Legislators in the Union are now in a significant predicament. If they encourage Palestinian refugees to bring their own families back home with aid packages, or if they permit volunteer resettlement on an individual basis?

For migrants in Turkey and Lebanon, where they face conflicts and limited options, the decision to return may be more clear. Yet, for those in EU countries, the condition is more difficult.

Immigrants in the EU have access to social services and processes to membership. Some have visited Europe for almost ten years and have benefited from welcoming people and welcoming policies. The decision between staying in the EU and returning to Syria is challenging and deeply personal for these migrants.

The EU’s determination to end asylum applications appears to indicate that Western governments are getting ready for a lot of mass repatriation. In a post-conflict earth, their recovery and the profit of its residents might be seen as priorities from their viewpoint.

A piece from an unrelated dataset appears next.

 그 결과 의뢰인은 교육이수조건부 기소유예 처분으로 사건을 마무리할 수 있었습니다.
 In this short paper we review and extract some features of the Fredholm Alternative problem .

The end of Assad’s government is truly good news, and temporary safety procedures for Syrians in Europe may now be viewed as successful.

Yet, the safety of returning migrants remains a major concern. Units, while now in power, has past links to groupings like Al-Qaeda and ISIS. It’s unclear whether HTS will support minority-friendly government or build a one based on political principles.

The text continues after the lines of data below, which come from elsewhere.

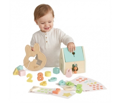 Powitalny BOX do nauki od marki CLASSIC WORLD to uroczy zestaw upominkowy dla dla dzieci w wieku od 12 do 18 miesięcy, który wykorzystuje ich niepohamowaną ciekawość świata. Zestaw zawiera sorter, układanki do nauki liczenia ze wzorami, klocki oraz zabawkę do przewlekania w kształcie królika. Dzieci mogą rozwijać eksplorację wzrokową i umiejętności motoryczne. Zestaw buduje i kieruje ich zdolnościami w sposób zrównoważony.
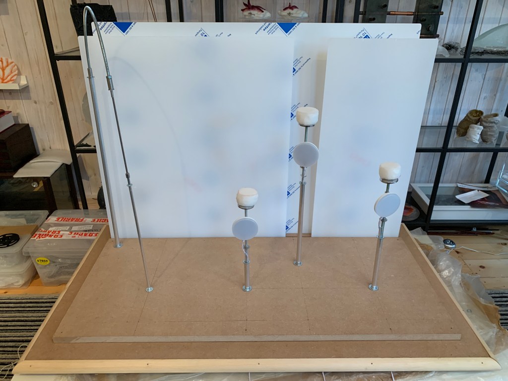 Once I had a sense of the sizing and spacing, I set to constructing the base and the stands that would hold the glass elements. I was also trying to take into account that the piece would need to travel from my studio to the hospital in Leeds, so my aim was to make the piece so that it could be deconstructed again for transport.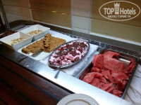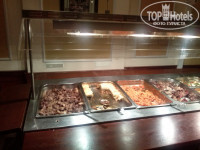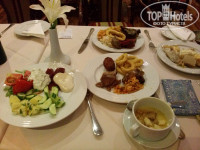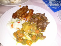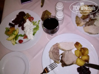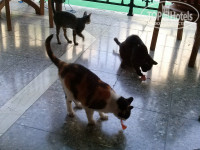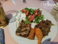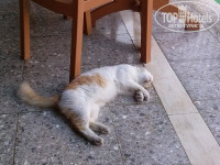 3. Питание. У меня был полупансион. Недавно писали в отзывах, что напитки платные; вообще-то, это нормально для HB. Вот в прошлом году в Тцокос Проторас до середины июля б/а напитки были бесплатные на ужин – это было в диковинку! Питание – шведский стол. Не супер разнообразно, но все съедобно – думаю, что это и есть уровень трех звезд. Завтрак: яйца вареные, глазунья, болтунья (scrabble), омлета НЕ БЫЛО. Бекон жареный, сосиски вареные, жареные помидоры, овсянка, жар. картошка, фасоль, хлопья, сыры 4 сортов, «колбаса» 3 видов, помидоры, огурцы, йогурт, джемы, мед, фруктовый салат или фрукты из консервов, яблоки, апельсины, хлеб, круассаны, кофе, чай, сок непонятного происхождения, но не «зуко». А еще на завтрак есть приятное дополнение – котики, приходящие кушать вместе с вами. Целая банда котиков, которые хотят колбаски, киньте им кусочек и за меня, если поедите в Kapetanios Odyssia. Ужин: салаты зависят от тематики ужина (расписание есть в номере и висит в лифте), но всегда есть зелень и огурцы-помидоры. Обычно 5 видов закусок. К ним оливки, маринованные овощи (типа свеклы, морквы), соусы. Мясо разных видов, рыба, курица. Приготовление тоже зависит от тематики вечера. Гарниры – картошка, спагетти, рис ( в разных вариантах). Всегда есть супчик. Десертов 4-5 видов, арбузы, яблоки, персики. Арбузы и яблоки норм, а персики несъедобные попадались! Мороженное трех видов. Голодным остаться невозможно. 0,5 воды 1,4 евро, бутылка вина типа Отелло – 12 евро, бокал вина 3,5 евро, 1 литр домашнего вина 7-8 евро. Если не готовы переплачивать – пейте арбуз. Почти каждый день в ресторане живая музыка.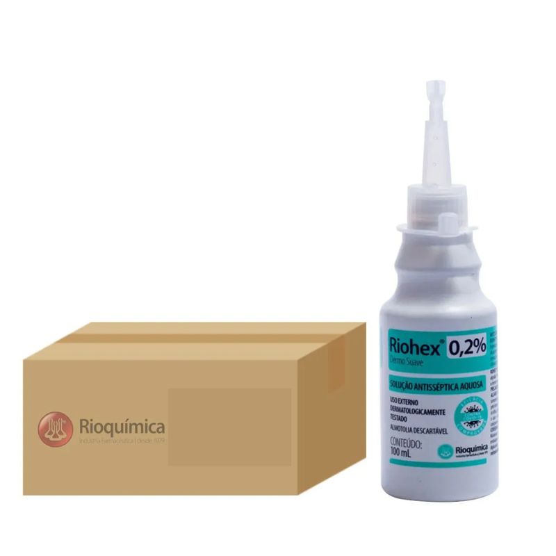 Riohex 0,2% Rioquímica Solução Aquosa Tópica Almotolia 100ml O Riohex® 0,2% é uma solução aquosa composta de digliconato de clorexidina, um antisséptico químico, antifúngico e um bactericida capaz de eliminar tanto bactérias gram-positivas quanto bactérias gram-negativas, demonstrando menos eficácia contra microrganismos gram-negativos, auxilia também contra proliferação de bactérias. Indicado para uso diário em higienização da pele íntegra. Contém 0,2 digliconato de clorexidina. - Solução aquosa; - Antisséptico tópico; - Uso externo; - Antisséptico Dermo Suave; - Sensação suave na pele em sua aplicação diária; - Dermatologicamente testado; - Efeito residual de 4 horas; - Siga as instruções da embalagem.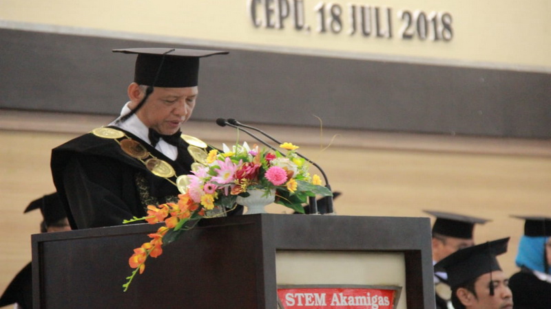 Blora - Bupati Blora Djoko Nugroho menghadiri wisuda Sarjana Terapan ke 47 Sekolah Tinggi Energi dan Mineral (STEM) Politeknik Energi dan Mineral (PEM) Akamigas Cepu, tahun akademik 2017/2018 di Gedung Graha Okta Cepu. Dari 183 sarjana yang diwisuda, ada 1 orang yang meninggal dunia saat mau terbang ke Cepu, sehingga batal diwisuda.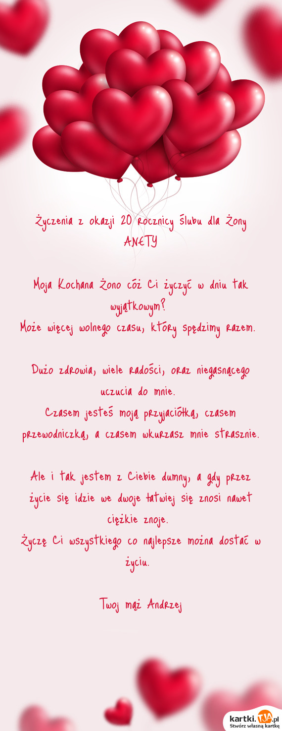 Moja ukochana słuchaj proszę, dziś życzenia Ci przynoszę. Żyj

For organizations such as the Yazidis, Christians, Shias and Kurdish Syrians, the position remains precarious. While Assad’s demise offers hope for a more egalitarian and political coming, this perspective may be balanced against fresh conflicts and power challenges.

Subsequent clashes between Kurdish and Turkish-backed forces have heightened worries of more unrest and violence, particularly in areas that have already been devastated by war.

In a quickly evolving political environment with much guarantee of safety or justice, these minority areas, which have long been marginalized and caught in the crossfire of opposing factions, are now at risk of dislocation and harassment. Hopes and aspirations for a freed Syria are tempered by the terrible reality of a scattered and dangerous state.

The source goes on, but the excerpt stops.